HOW TO COMPLETE THIS TASK: The answer is the first line of the listing and every line after it through the one containing "En medio de", exact, with pictures removed.

DATASET EXTRACT:
------
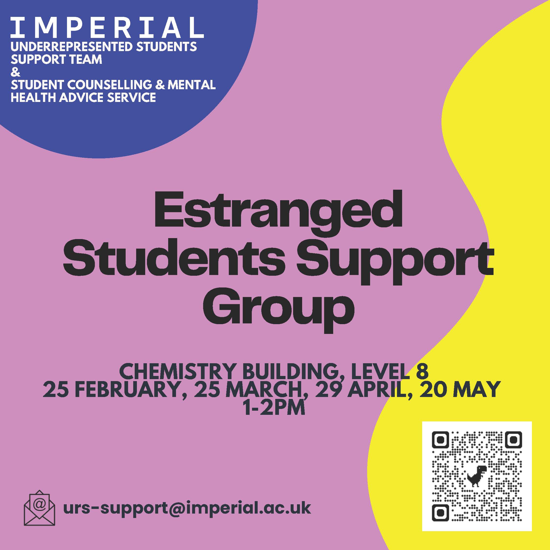The group is open to any Imperial student who has no or little contact with both parents. You do not need to be eligible for the support of the Imperial Underrepresented Student Support Team or meet the requirements for Estrangement according to the Student Loan Company to join this group.
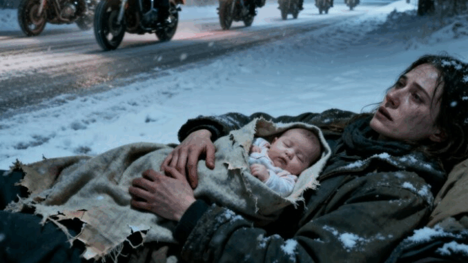 En medio de una tormenta de nieve, una mujer sin hogar dio a luz en la acera. Cuando sus gritos se desvanecieron en la fría noche, diez motores rugientes aparecieron en el oscuro horizonte…
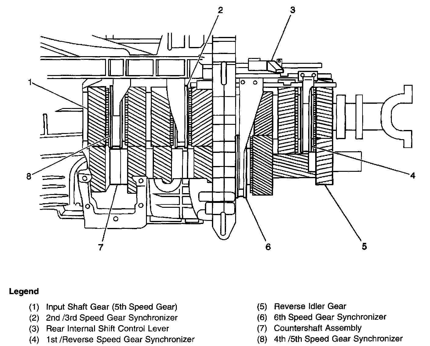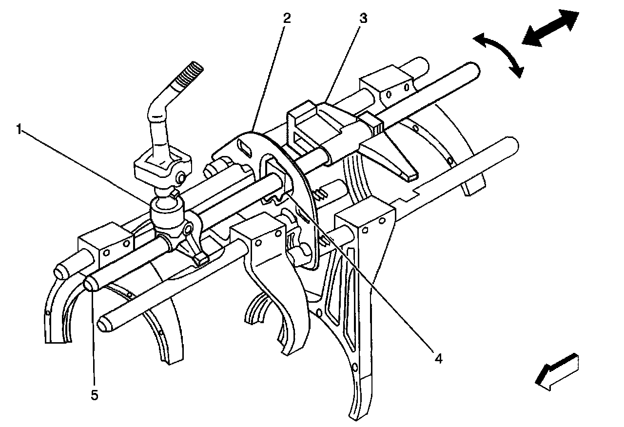 The shift lever moving the main shift shaft (5) selects the transmission speeds. By moving the main shift shaft front-to-rear and side-to-side rotation will allow the levers on the front internal shift control lever (1) to engage the notches on the 4th/5th speed gears shift shaft or the 2nd/3rd speed gears shift shaft. Further movement of the main shift shaft front-to-rear and side-to-side rotation, the levers on the rear internal shift control lever (3) will engage in the notches on the reverse/1st speed gears shift shaft or the 6th speed gear shift shaft. The shift shaft block (4) on the main shift shaft, which is teeth to the interlock plate (2), moves the interlock plate to lock in the notches on the non-selected gears shift shaft, thus preventing the non-selected shift shafts from moving.
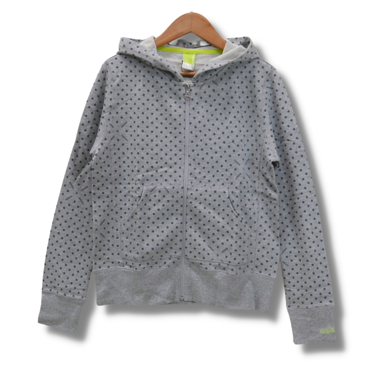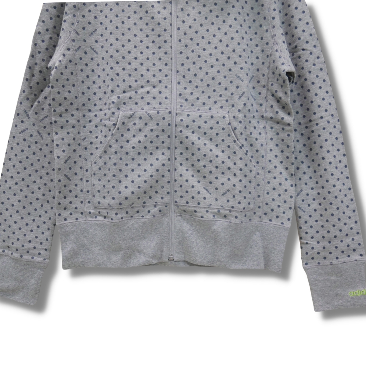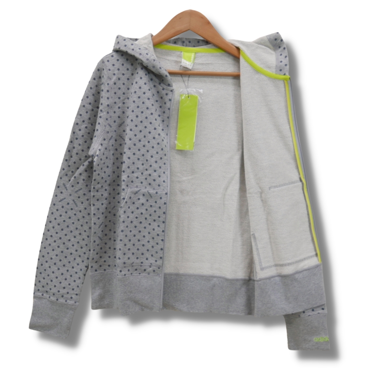 即決☆アディダス ドット スウェット ジャケット GRY/OTサイズ XLサイズ 送料無料 グレー ドット柄 ウイメンズ レディース フィットネス
------
OUTPUT OF THE TASK:
The group is open to any Imperial student who has no or little contact with both parents. You do not need to be eligible for the support of the Imperial Underrepresented Student Support Team or meet the requirements for Estrangement according to the Student Loan Company to join this group.
 En medio de una tormenta de nieve, una mujer sin hogar dio a luz en la acera. Cuando sus gritos se desvanecieron en la fría noche, diez motores rugientes aparecieron en el oscuro horizonte…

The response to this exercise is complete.